== MATERIAL SHOWN ==
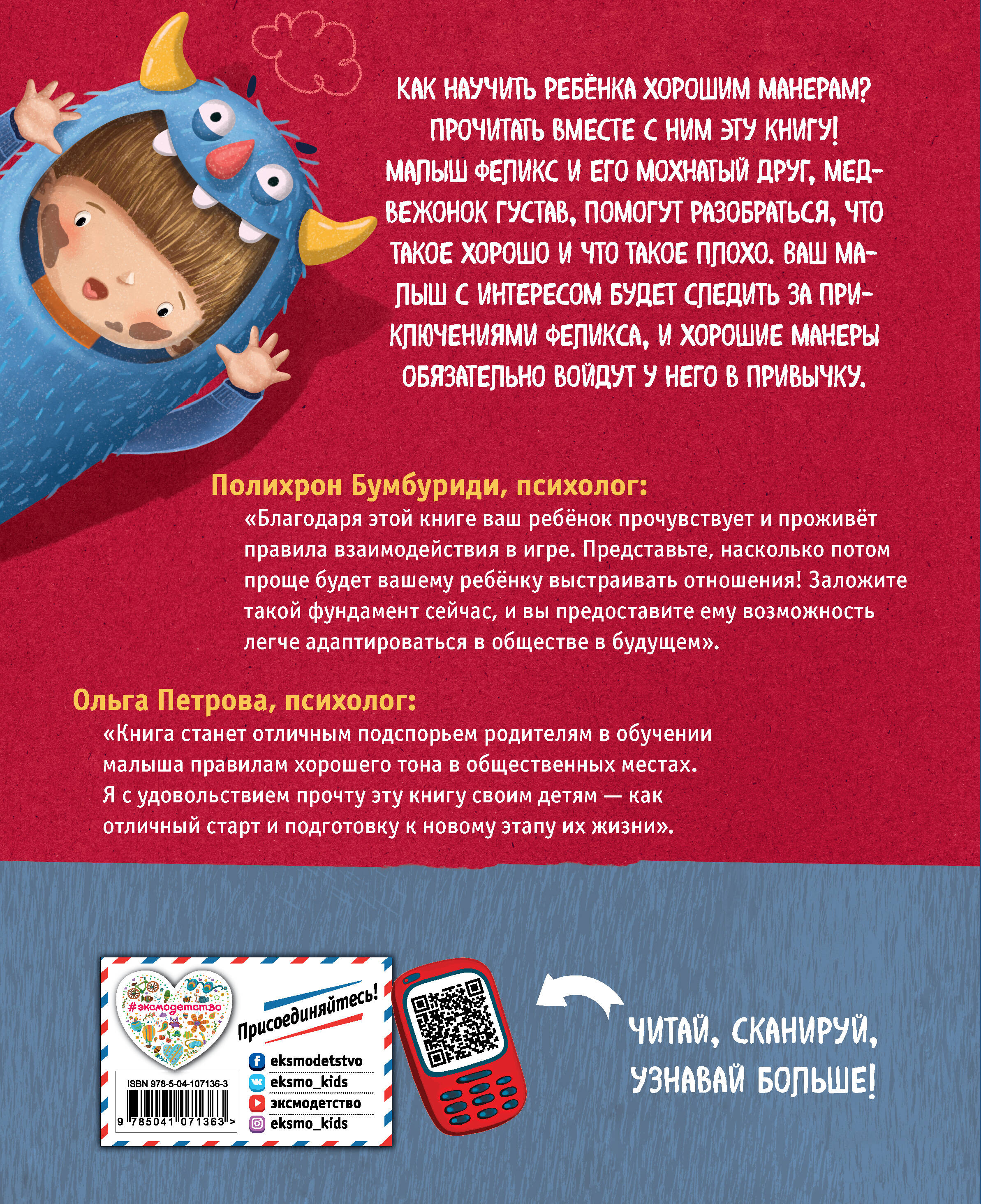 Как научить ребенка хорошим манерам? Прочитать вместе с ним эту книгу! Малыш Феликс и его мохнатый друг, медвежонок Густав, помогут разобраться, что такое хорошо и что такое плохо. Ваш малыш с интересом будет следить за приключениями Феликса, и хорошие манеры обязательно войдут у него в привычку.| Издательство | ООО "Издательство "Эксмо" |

--

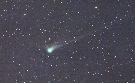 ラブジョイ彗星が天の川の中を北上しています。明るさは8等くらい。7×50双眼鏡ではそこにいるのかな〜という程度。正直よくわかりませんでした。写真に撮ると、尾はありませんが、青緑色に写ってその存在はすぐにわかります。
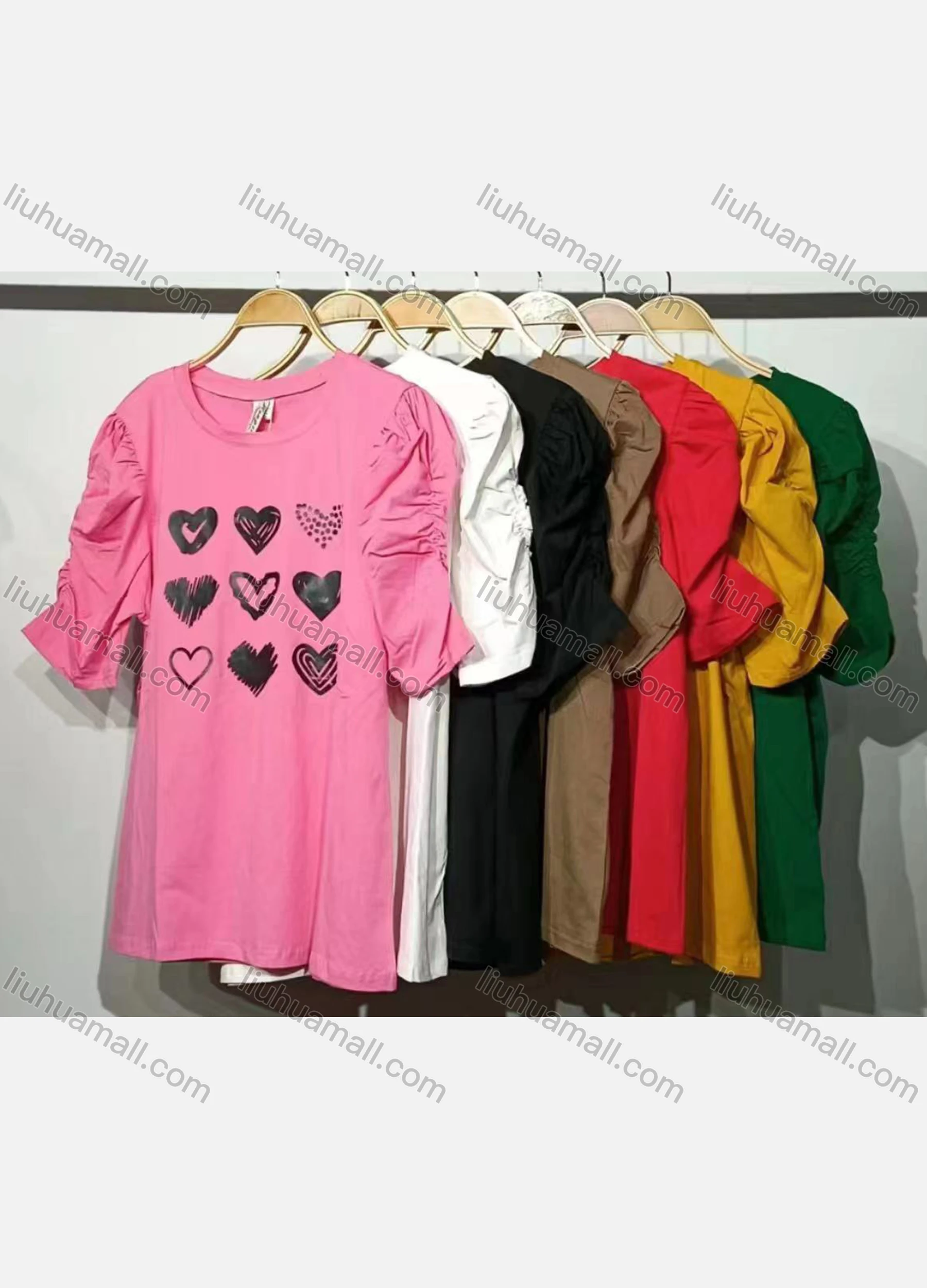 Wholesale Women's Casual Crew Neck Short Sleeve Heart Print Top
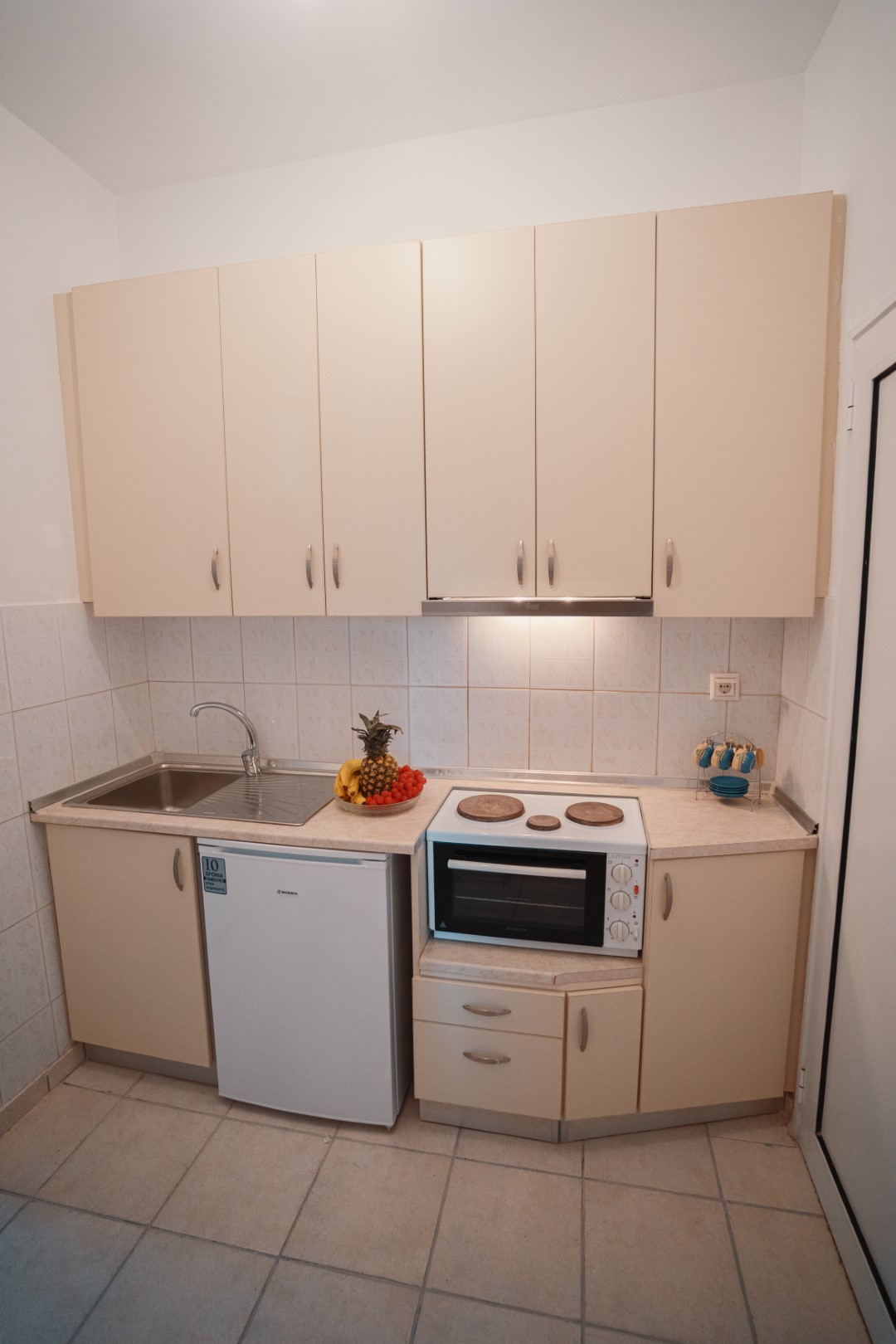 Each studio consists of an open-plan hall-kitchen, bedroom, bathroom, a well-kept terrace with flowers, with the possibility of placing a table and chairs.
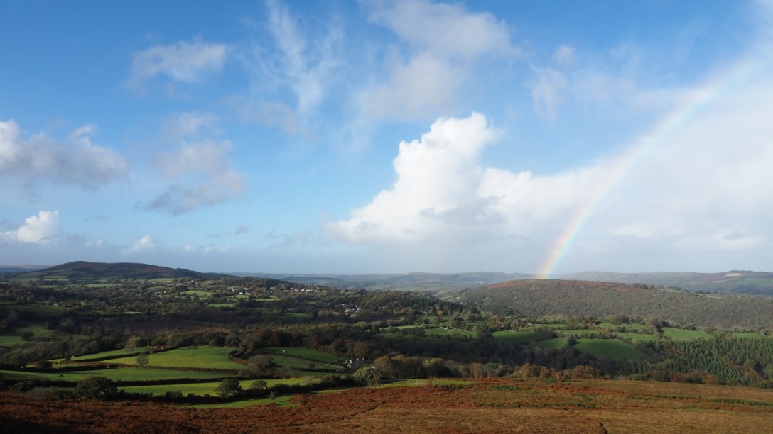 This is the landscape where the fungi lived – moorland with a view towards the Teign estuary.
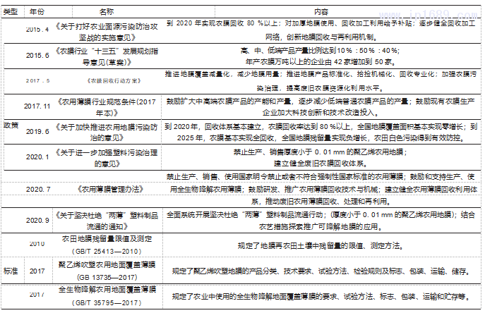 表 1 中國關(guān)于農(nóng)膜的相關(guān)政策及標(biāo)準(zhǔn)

== WORK TASK ==
Reproduce the data above exactly, but only the lines from the one showing "This is the" through the one showing "表 1 中國關(guān)于農(nóng)膜的相關(guān)政策及標(biāo)準(zhǔn)", with both ends kept and the pictures left out.

== RESULT ==
 This is the landscape where the fungi lived – moorland with a view towards the Teign estuary.
 表 1 中國關(guān)于農(nóng)膜的相關(guān)政策及標(biāo)準(zhǔn)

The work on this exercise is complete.